Он издалека смотрел на свою угловатую «барбухайку», отбрасывающую чёткую тень. Девчонки выбирались из автобуса и осторожно опускали на асфальт карапузов, парни вытаскивали коляски и сумки. Возле «барбухайки» образовалась небольшая толпа. И потом она двинулась к Лихолетову.
И Герман на всю жизнь запомнил, как они тогда шли, хотя вроде бы ничего особенного не было. Квадратное пространство двора. Солнце. Острые косые тени. Высокие стены домов. Старый облезлый автобус, просто рыдван. Пассажиры. Не парни и девчонки, а молодые мужчины и женщины: недавние солдаты со своими молоденькими жёнами, а ещё младенцы, коляски, вещи… Первые люди с первого плота на незнакомом берегу. Всё только начинается.
И спеленатые младенцы на руках у мужчин были будто автоматы. И карапузы ковыляли, держась за мам, точно после плаванья ещё не научились ступать по твёрдой земле. И беременные женщины шли так уверенно, словно всё в жизни у них уже было решено, – а на самом деле у них были заботы важнее мужской войны. Переваливаясь, как утки, они уже не могли скрыть свою победительную телесность: круглые животы, груди, налитые будущим молоком, одурелую томность лиц и жестов.

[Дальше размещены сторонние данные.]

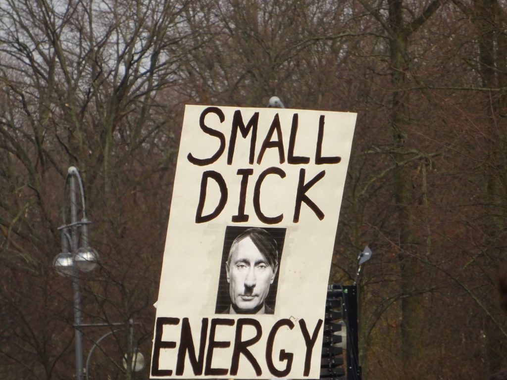 Außerdem sehr beliebt waren Schilder, die sich mit Herrn Putins Gemächt beschäftigten. Uneinigkeit herrschte jedoch, ob dieses nun sehr groß oder doch eher zu klein sei. Mehrere Menschen nutzten dies auch für homophobe Darstellungen.
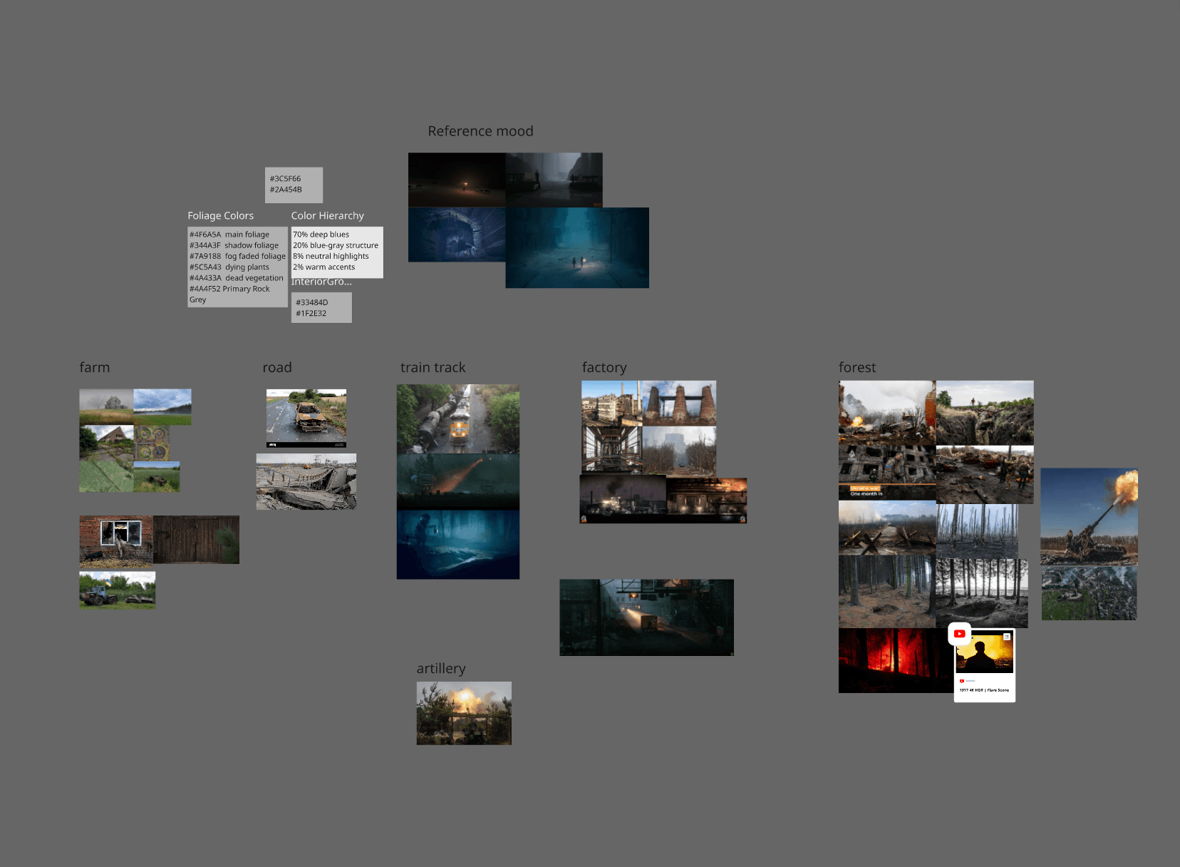 I wanted my level to have a similar look as a Tarsier Studios game. To support this, I collected references for each area, along with hex codes for the base colors palette.

Солнце, выглядывая из-за угла высотки, проницало подолы, высвечивая фигурные, крепкие женские ноги.
И Герману, и Серёге казалось, что женщины идут к ним, к командирам, но женщины прошли к ним по касательной, мимо – они направлялись к дому, к жилью. А командиры оставались в стороне, как бы в прикрытии. И Герман понял: ему завидно, что среди этих женщин нет его жены с его ребёнком.
Взволнованный, он пошагал к «барбухайке», чтобы запереть двери.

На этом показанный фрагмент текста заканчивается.